2015-06-05 Thread gwenhwyfaer
Well, bandlimited to a bandwidth  fs/2 (but the distinction isn't
useful for audio), and given perfect reconstruction circuitry. But as
far as I can gather, Theo's concern is what happens when, as is
inevitable in practice, the reconstruction circuitry is imperfect?
And that is an interesting question, academically speaking, if there
really isn't a body of theory to cover reconstructive imperfection -
if only to be certain that all the improvements made to DAC technology
in the last three decades have actually been _improvements_.

But I think all of this is probably covered by existing research
anyway. Minimising phase disruption in digital filters is well
understood; LSB errors and resistor chain nonlinearities are fairly
obvious, sources of relatively predictable badness, and can be
assessed in the same way as nonlinearity in general; clock jitter is
easy to simulate... and then there are analogue reconstruction
filters. Unless I've missed any, I don't think there's anything else
to look at, unless he wants to disprove or augment Nyquist-Shannon.
Which would be an achievement, true, but... I would humbly submit that
there might be more fruitful avenues towards seeing Verelst theorem
in the indices of 22nd-century audio textbooks.

Still, I understand great white whales all too well; and if Theo
_needs_ to harpoon this one, we should perhaps not stand in his way.


On 05/06/2015, Stefan Stenzel stefan.sten...@waldorfmusic.de wrote:
 Theo,

 Any continuous function bandlimited to frequencies  fs/2 is completely
 determined by its samples.
 That’s the essence of the sampling theorem, which answers all your
 questions.

 Stefan


 On 03 Jun 2015, at 22:47 , Theo Verelst theo...@theover.org wrote:

 Hi,

 Playing with analog and digital processing, I came to the conclusion I'd
 like to contemplate about certain digital signal processing
 considerations, I'm sure have been in the minds of pioneering people quite
 a while ago, concerning let's say how accurate theoretically and
 practically all kinds of basic DSP subjects really are.

 For instance, I care about what happens with a perfect sine wave getting
 either digitized or mathematically and with an accurate computer program
 put into a sequence of signal samples. When a close to perfect sample
 (in the sense of a list of signal samples) gets played over a Digital to
 Analog Converter, how perfect is the analog signal getting out of there?
 And if it isn't all perfect, where are the errors?
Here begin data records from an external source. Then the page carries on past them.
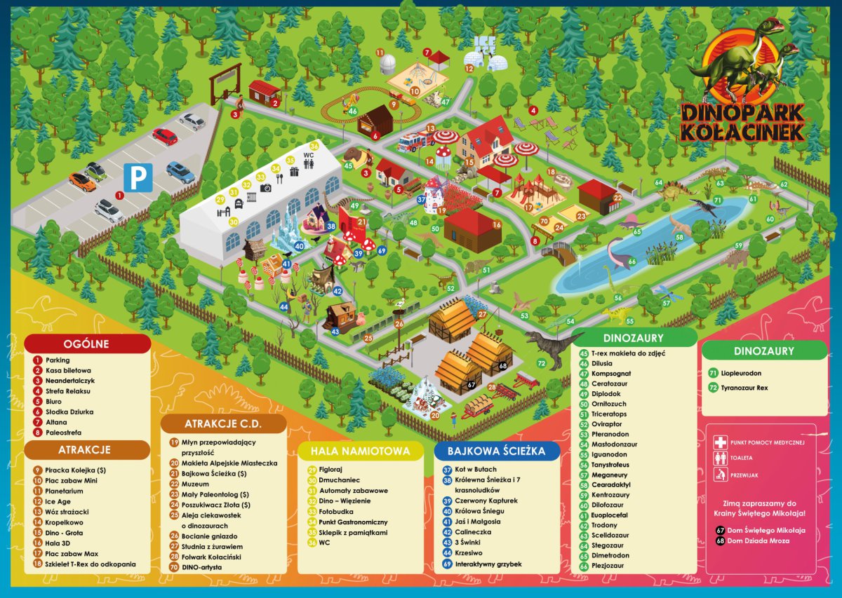 Dinopark w Kołacinku - Przenieś się do czasów, w których żyły ogromne, prehistoryczne gady. Przejdź ścieżką ery mezozoicznej i przekonaj się na własne oczy, jak interesujące to były zwierzęta. Spotkasz na niej naturalnej wielkości figury dinozaurów, wkomponowane w pięknie ukształtowany teren i dowiesz się wielu ciekawostek o ich życiu.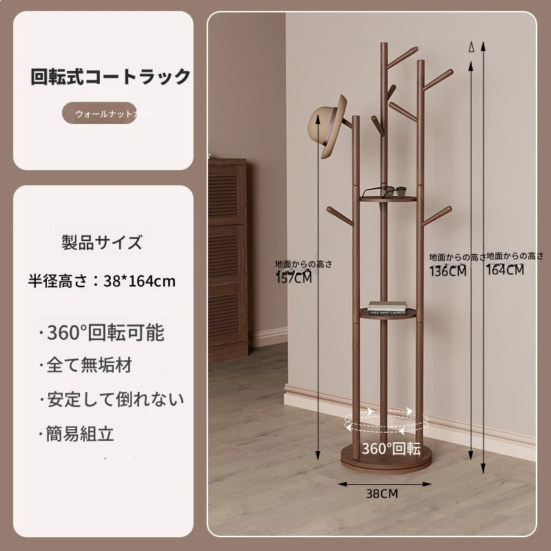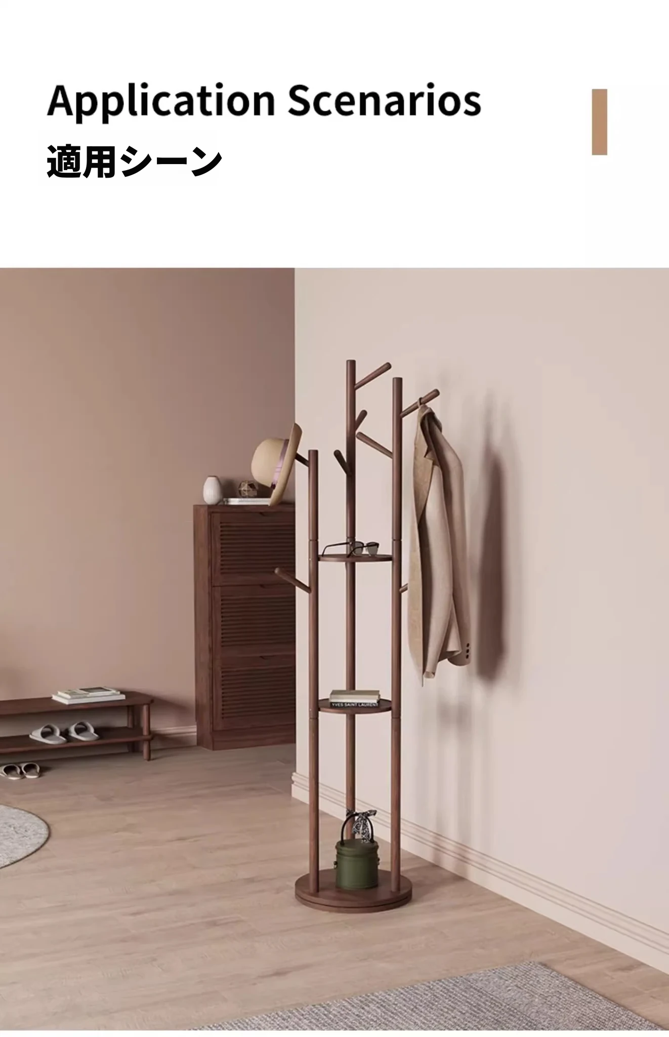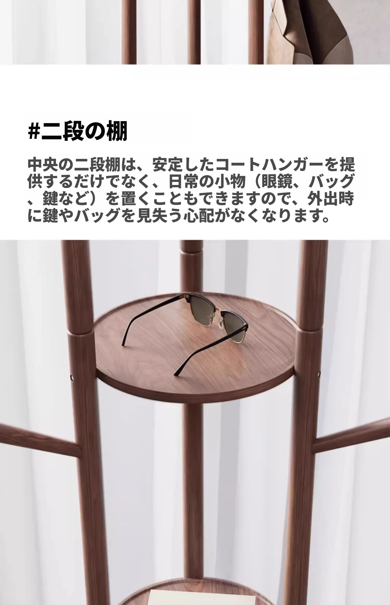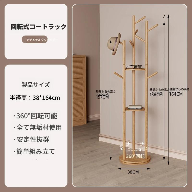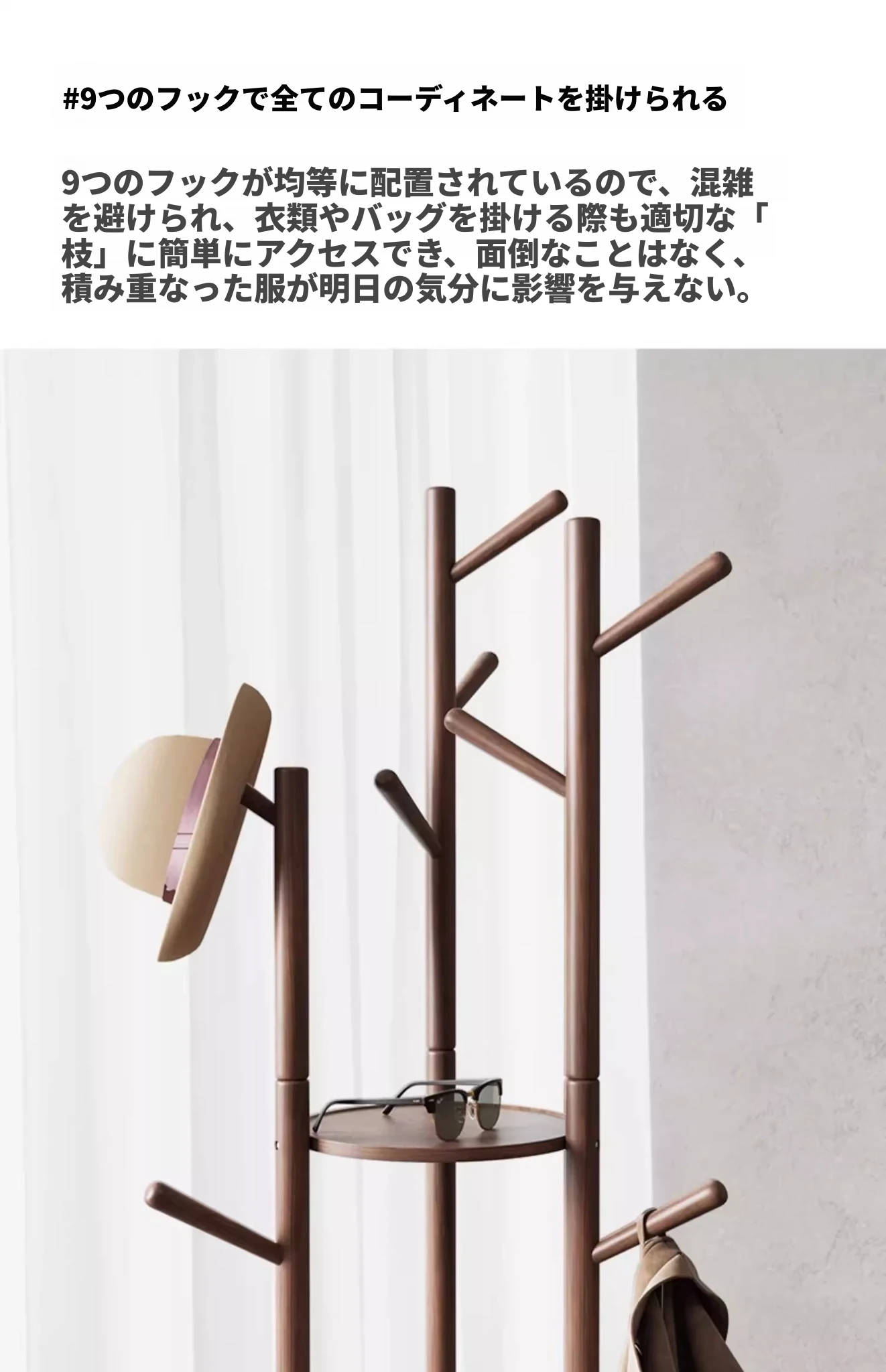 天然木製のスタンド型コートハンガー - おしゃれで機能的な衣類収納、寝室やリビングにぴったり!軽やかなデザインで、あなたの空間をスタイリッシュに演出します。
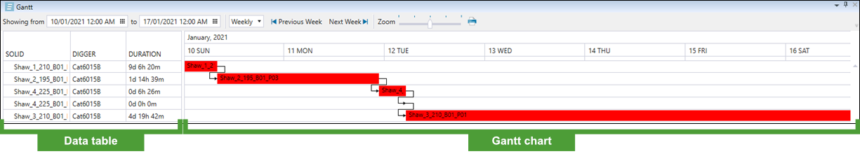The Gantt view represents data in the form of a table and a Gantt chart. The table details each solid, digger, and how long the related digger has worked on the given solid, while the Gantt chart displays the schedule.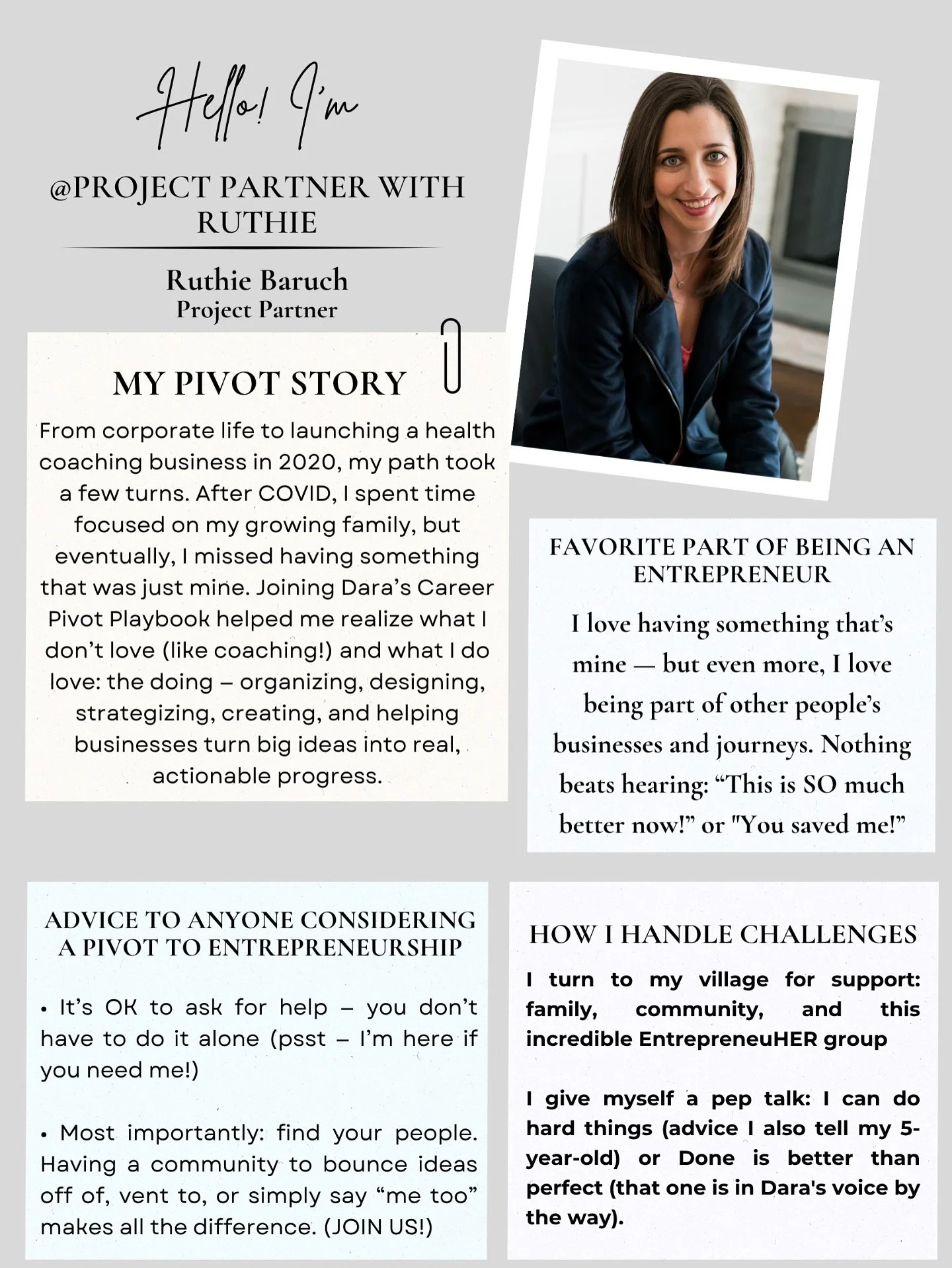 Hi, I’m Ruthie Baruch - founder of Project Partner with Ruthie.
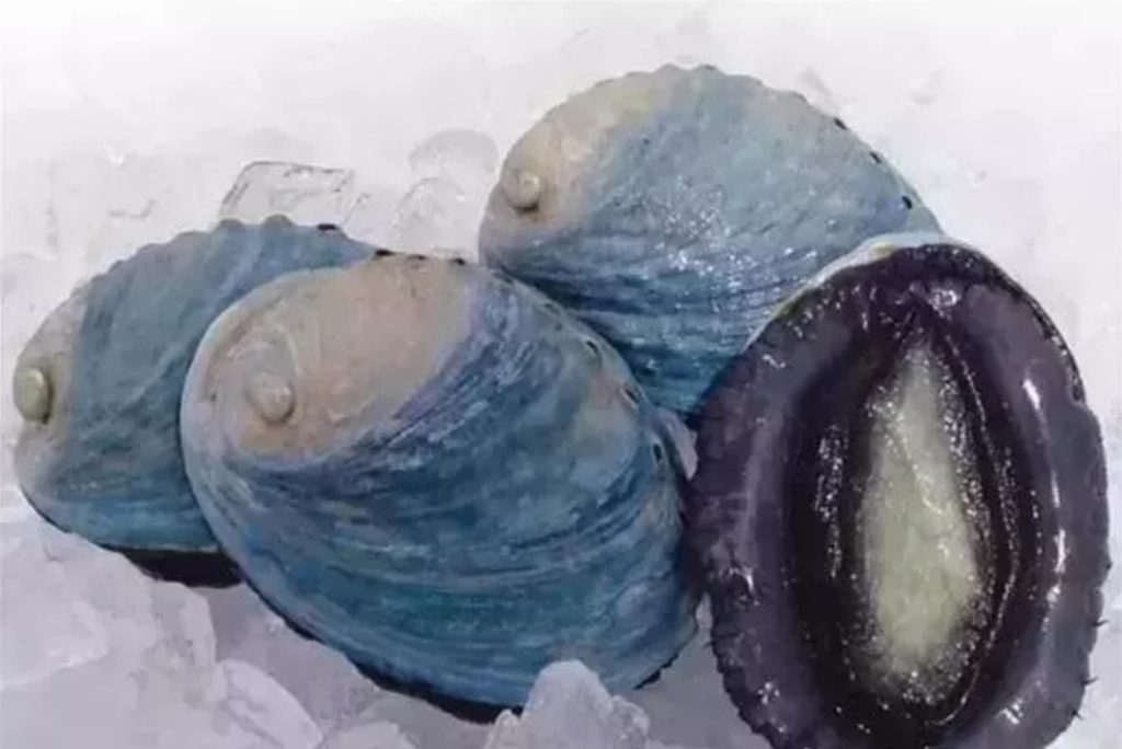 外殼呈藍色,乾淨漂亮,表面沒有雜質和其它貝殼吸附,並且藍殼鮑魚產量很少極其稀有,特顯珍貴,餐飲高檔食材。新西蘭藍鮑魚殼薄肉多、內臟少,非常適合做刺身。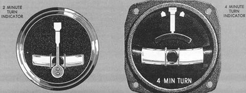 Of the two types of turn needle shown in Figure 4-28, the 2-minute turn indicator is the older. If the instrument is accurately calibrated, a single needle-width deflection on the 2-minute indicator means that the aircraft is turning at 3° per second, or standard rate (2 minutes for a 360° turn). On the 4-minute indicator, a single needle-width deflection shows when the aircraft is turning at 1-1/2° per second, or half standard rate (4 minutes for a 360° turn). From a comparison of the indexes on the two instruments, you can see why the 4-minute instrument was developed: The half standard-rate (one-needle width deflection) turn used by high-speed aircraft is more easily read on the 4-minute indicator.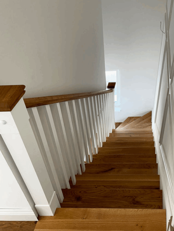 Obklad schodů masivním dubem je ideální pro rodinné domy nebo byty, kde chcete vytvořit teplou a příjemnou atmosféru. Dubové dřevo je odolné a hodí se do prostor s vyšší zátěží, jako jsou chodby nebo obývací pokoje.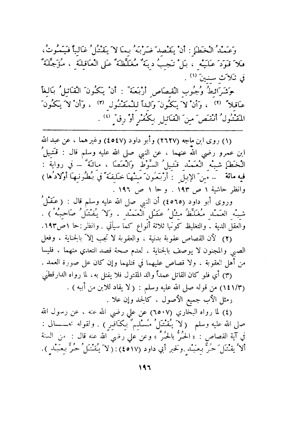 (¬4) لما رواه البخاري (6507) عن علي رضي الله عنه، عن رسول الله صلى الله عليه وسلم (لاَ يقتَلُ مسْلِم بكَافِر). ولقوله تعالى: في آية القصاص: " الحر بالحرِّ " وعن علي رضي الله عنه قال: من السنة ألاً يقتلَ ِحُر بعبد ولخبر أبي داود (4517): (لاَ يقتلٌ حُر بِعبدٍ).

 As a very crude thinking example, suppose a square wave oscillator like in
 a synthesizer or an electronic circuit test generator is creating a near
 perfect square wave, and it is also digitized or an attempt is made in
 software to somehow turn the two voltages of the square wave into samples.

 Maybe a more reasonable idea is to take into account what a DAC will do
 with the signal represented in the samples that are taken as music,
 speech, a musical instrument's tones, or sound effects. For instance, what
 does the digital reconstruction window and the build in oversampling
 make of a exponential curve (like the part of an envelope could easily be)
 with it's given (usually FIR) filter length.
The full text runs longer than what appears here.